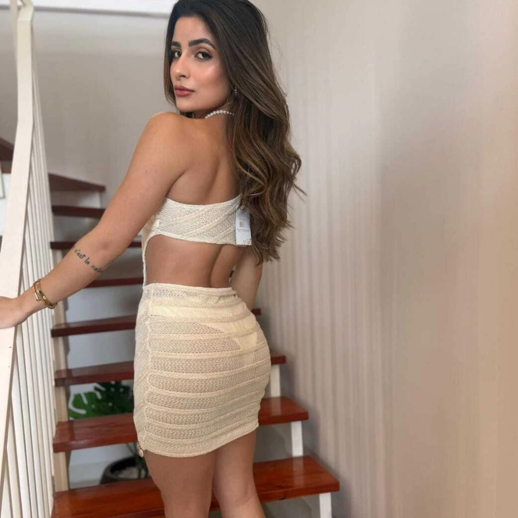 Um clássico reinventado com muito charme e frescor! O vestido branco curto com recortes laterais é a aposta perfeita para quem ama um visual elegante e moderno, sem abrir mão da leveza. O tecido texturizado realça as curvas com sutileza, enquanto o design assimétrico e os detalhes em conchas e pérolas trazem um toque de sofisticação praiana. Um modelo versátil que transita do almoço à beira-mar à noite especial com estilo e conforto.
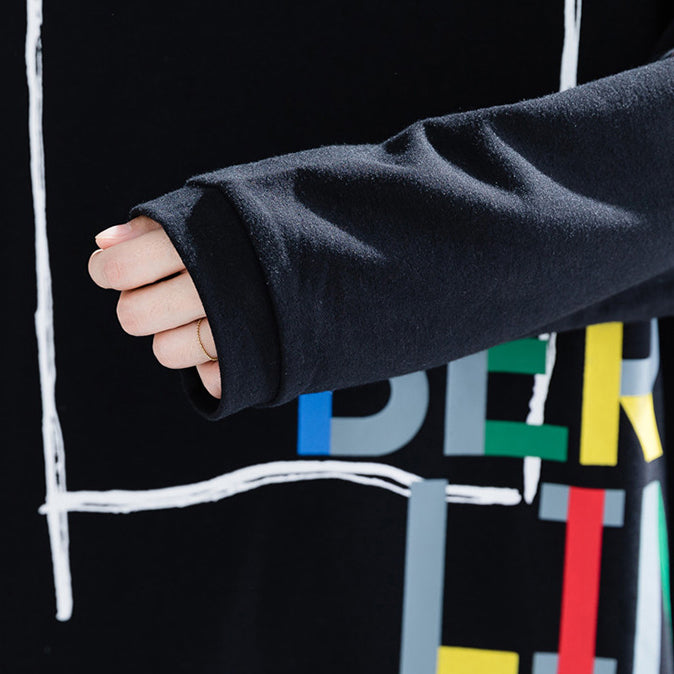 Natural black Cotton dresses Pakistani Wardrobes Letter short Dresses
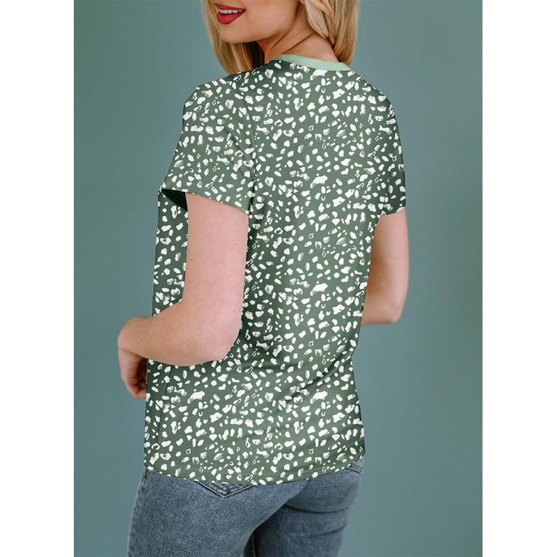 EVALESS Womens Summer Polka Dots Tops 2025 Short Sleeve Round Neck T-Shirts Lightweight Loose Tee Shirts Green X-Large
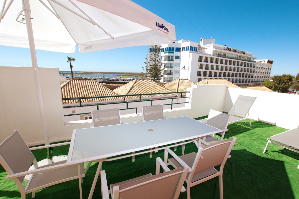 Nachází se v apartmánovém komplexu s nádherným výhledem na oceán a ústí řeky, na okraji staré rybářské vesnice Olhão a přístavu. Tento luxusní apartmán má 3 ložnice a 3 koupelny a nachází se na ideálním místě pro relaxační dovolenou a pro objevování ostrovů, Algarve a dalších míst. Obrovské posuvné dveře se otevírají na velký soukromý balkon s venkovním stolem a židlemi pro nádherný kulinářský zážitek a místo k posezení a užívání si teplého podnebí Algarve.
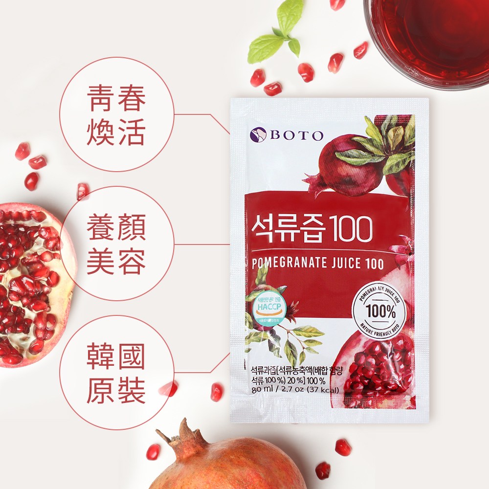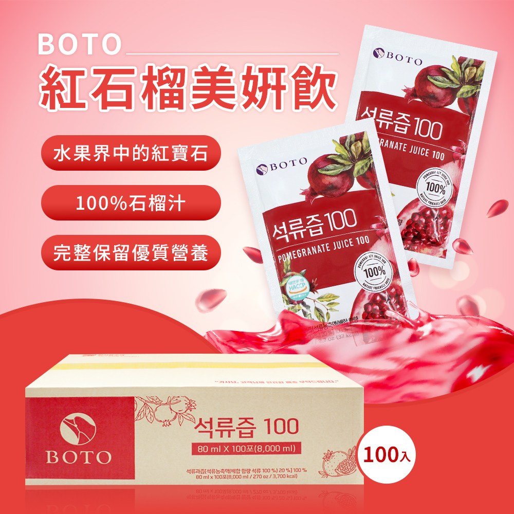 BOTO 紅石榴美顏飲,嚴選優質紅石榴。每包含有80ml的濃郁石榴精華,一箱共有100包,方便您隨時隨地享受美味與美麗。紅石榴富含多種維生素和抗氧化成分,有助於提升氣色,維持青春活力。獨立包裝設計,衛生又便於攜帶,讓您輕鬆補充每日所需營養,由內而外散發健康光彩。無論是忙碌的上班族還是注重養生的您,BOTO 紅石榴美顏飲都是您健康美麗的最佳選擇。
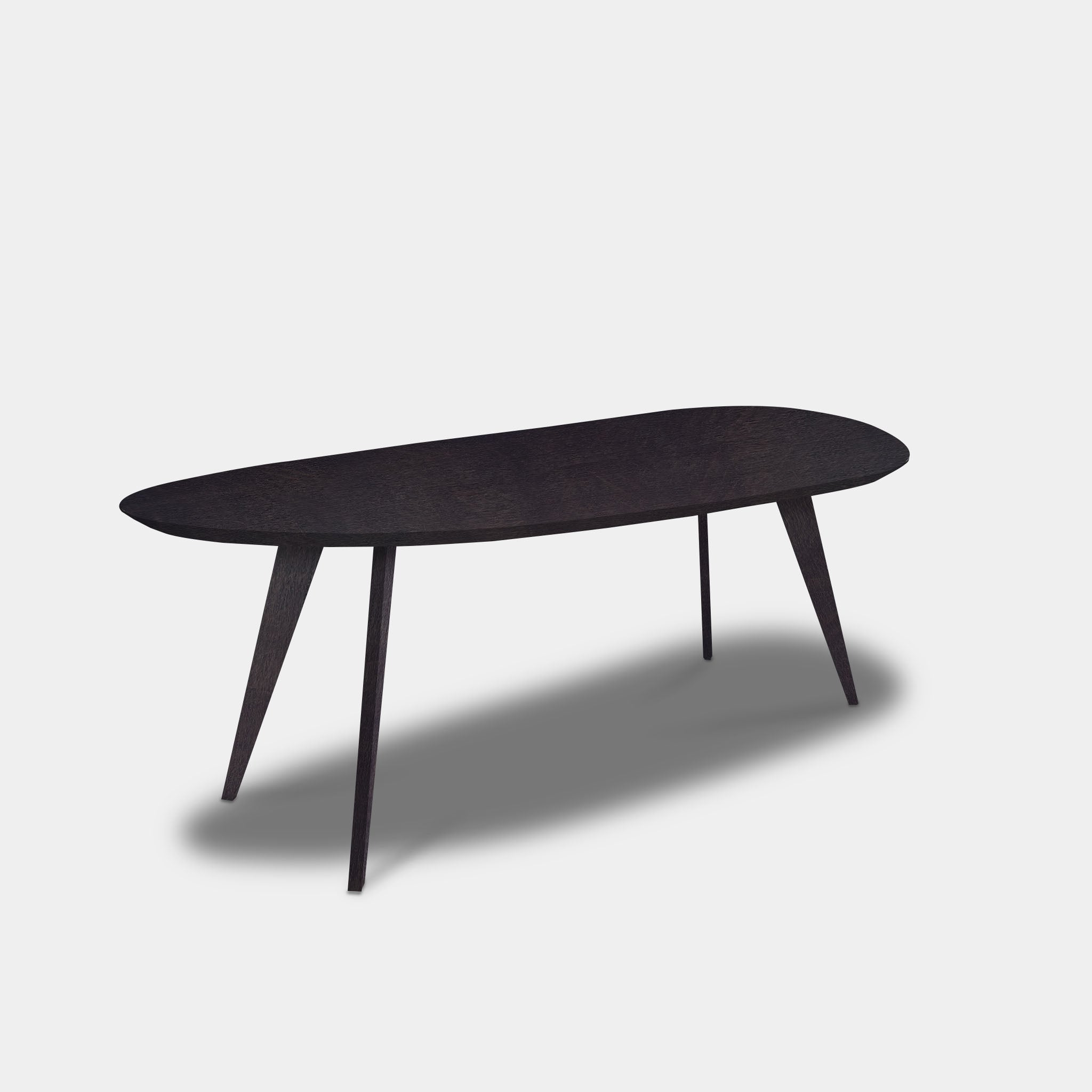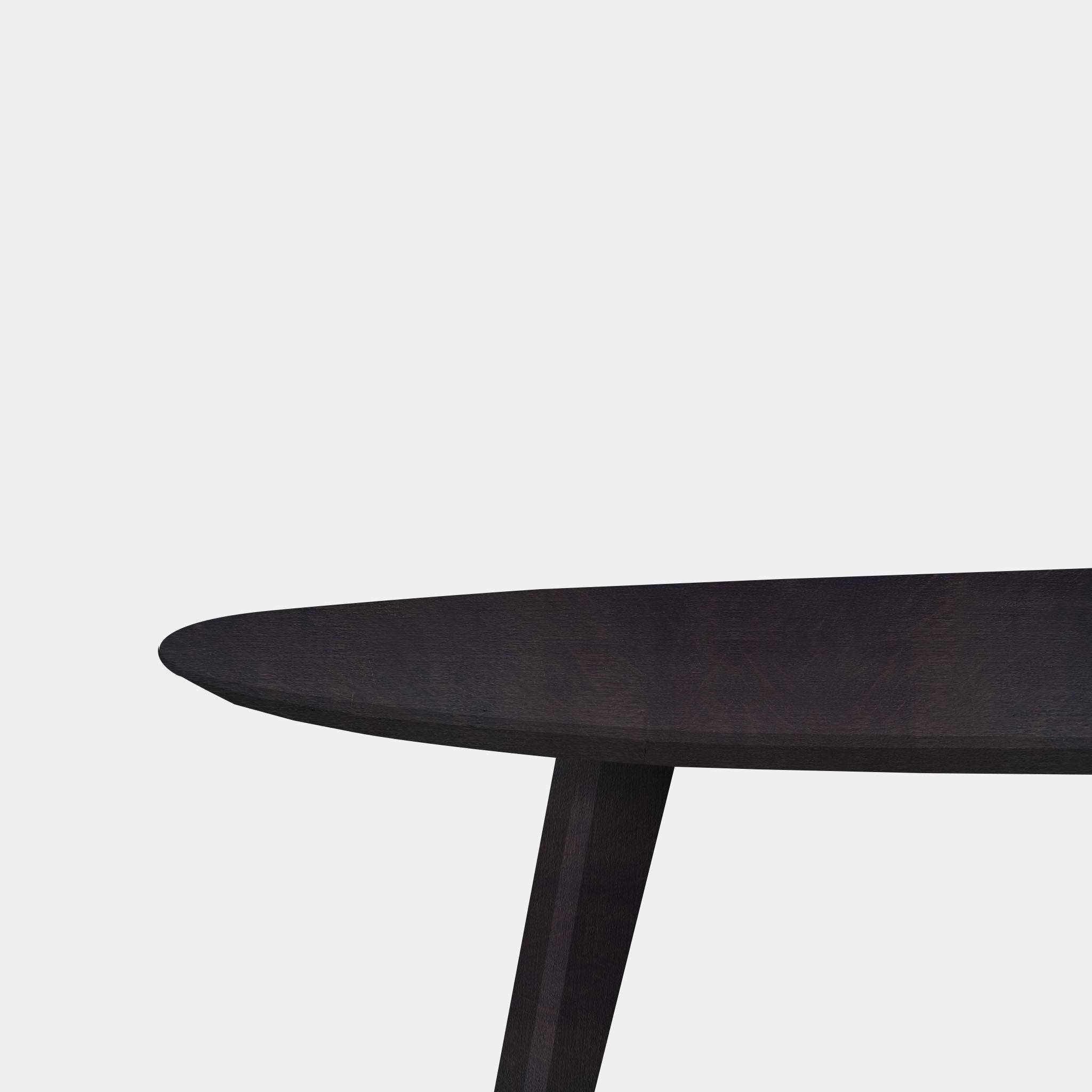 This atmospheric, organically shaped table made of solid oak, finished in the deep and warm Night Glow color, combines natural elegance with timeless craftsmanship. The asymmetrically shaped top exudes tranquility and softness, while the solid wood base, spray-painted in the same color, provides a stable and visually powerful foundation.

==========

Task prompt: In your output, include only the lines from the line containing "Natural black Cotton" through the last line of the material above, exactly as they appear, and leave out the pictures.

Task response:
 Natural black Cotton dresses Pakistani Wardrobes Letter short Dresses
 EVALESS Womens Summer Polka Dots Tops 2025 Short Sleeve Round Neck T-Shirts Lightweight Loose Tee Shirts Green X-Large
 Nachází se v apartmánovém komplexu s nádherným výhledem na oceán a ústí řeky, na okraji staré rybářské vesnice Olhão a přístavu. Tento luxusní apartmán má 3 ložnice a 3 koupelny a nachází se na ideálním místě pro relaxační dovolenou a pro objevování ostrovů, Algarve a dalších míst. Obrovské posuvné dveře se otevírají na velký soukromý balkon s venkovním stolem a židlemi pro nádherný kulinářský zážitek a místo k posezení a užívání si teplého podnebí Algarve.
 BOTO 紅石榴美顏飲,嚴選優質紅石榴。每包含有80ml的濃郁石榴精華,一箱共有100包,方便您隨時隨地享受美味與美麗。紅石榴富含多種維生素和抗氧化成分,有助於提升氣色,維持青春活力。獨立包裝設計,衛生又便於攜帶,讓您輕鬆補充每日所需營養,由內而外散發健康光彩。無論是忙碌的上班族還是注重養生的您,BOTO 紅石榴美顏飲都是您健康美麗的最佳選擇。
 This atmospheric, organically shaped table made of solid oak, finished in the deep and warm Night Glow color, combines natural elegance with timeless craftsmanship. The asymmetrically shaped top exudes tranquility and softness, while the solid wood base, spray-painted in the same color, provides a stable and visually powerful foundation.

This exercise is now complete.